No estado do Rio de Janeiro, algumas associações de classe, que defendem os Titulares dos Cartórios Extrajudiciais, desejam que um grupo de Titulares incorporem os cartórios vagos antes do término do LIX Concurso Público de Provas e Títulos para Outorga das Delegações das Atividades Notariais e/ou Registrais, e isto, por certo, porque não obtiveram êxito junto ao Tribunal de Justiça do Estado do Rio de Janeiro, através dos processos administrativos nº 2021-0689907 e 2022-06139319, os quais beneficiariam os presidentes de duas instituições representativas, quais sejam, o presidente do Instituto de Protesto de Títulos do Brasil, que também é titular do 5º Ofício de São João de Meriti, e ainda responde interinamente pelo 2º Ofício de Registro de Protesto de Títulos da Comarca de Duque de Caxias – RJ, e ainda, o presidente do Instituto de Protesto de Títulos do Brasil – Seccional RJ, que também é titular do 5º Ofício de São Gonçalo, entre outros.

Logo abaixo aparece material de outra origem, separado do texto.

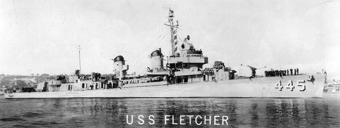 Monday, 28 January, Underway patrolling south of point "Chester" conducting night illumination firing. 0547 Completed night firing, having expended 15 rounds 5"/38 illuminating ammunition. 0835 Heaveto, ROK AMC 307 came alongside to port. 0940 ROK AMC 307 underway. Fletcher resumed patrol of Chudo Sudo. 0943 Opened fire on targets in vicinity Hosen, Korea. 0950 Under fire from enemy shore batteries located northwest of Hosen Korea. 0950 Commenced direct counter battery fire. 1035 Ceased fire, having expended 138 rounds 5"/38 AA common. Counter battery fire ineffective, retired to south in open range. Shore batteries ceased fire, having expended approximately 70 rounds, scoring four straddles and six near misses. No personnel or material casualties resulted. 1221 Ceased firing. 1334 Anchored in ‘Players" anchorage. 1445 J.C. Quitorio IC2, R.W. Huerter ICFA, C. Stanfield SA, A. Randolph SA, and L.W. Palmore SA reported aboard for duty. 1614 Underway from anchorage at Sosari Do and entered swept channel "cigarette". 1702 Commenced firing at personnel concentration on Nanjon Chi. 1715 Completed firing, expended 22 rounds 5"/38 AA common and 13 rounds 5"/38 VT, estimated 30 casualties. 1807 Commenced patrolling area of Cho To. 2022 Commenced night illuminating firing schedule. 2308 Engineering casualty, leaking tube in Number 1 condenser. Locked starboard shaft. Proceeded on port shaft to anchorage south of Cho Do, Korea. 2342 Anchored.
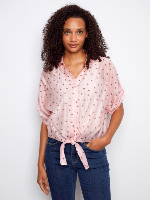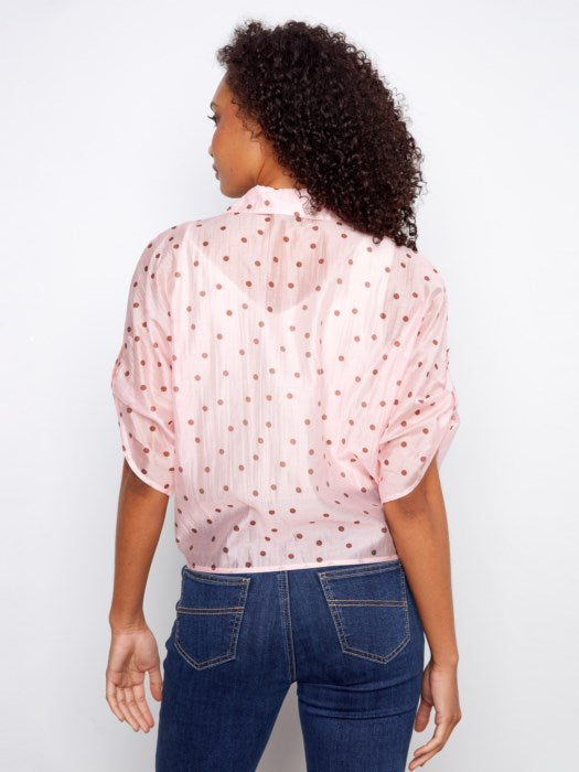 Printed Roll Up Dolman Elbow Sleeve Front Tie Blouse

Conforme sítio eletrônico da Câmara dos Deputados, este Projeto de Lei visa instituir um marco legal para o uso de garantias destinadas à obtenção de crédito no País. E aqui fica o questionamento: O Marco Legal seria para o uso de garantias destinadas a obtenção de crédito de quem? Ou para quem?
Impõe-se assim, em caráter de urgência, e no interesse maior do respeito à Carta Magna, que o Congresso Nacional, por ambas e/ou qualquer de suas casas, imbuídas do verdadeiro espírito republicano e constitucional, se debrucem tecnicamente sobre tais aspectos, impedindo assim a criação de um monstro legal, e o questionamento da constitucionalidade do Projeto de Lei.
Por todo o exposto, ante a evidente inconstitucionalidade de toda a Emenda nº 49 (correspondente à Emenda nº 64 – CAE), bem como da Emenda nº 42 (correspondente à Emenda nº 56 – CAE), em seu art. 37, parágrafo 7º, do Projeto de Lei nº 4.188/2021, é que elas devem ser retiradas do texto do Projeto de Lei em análise.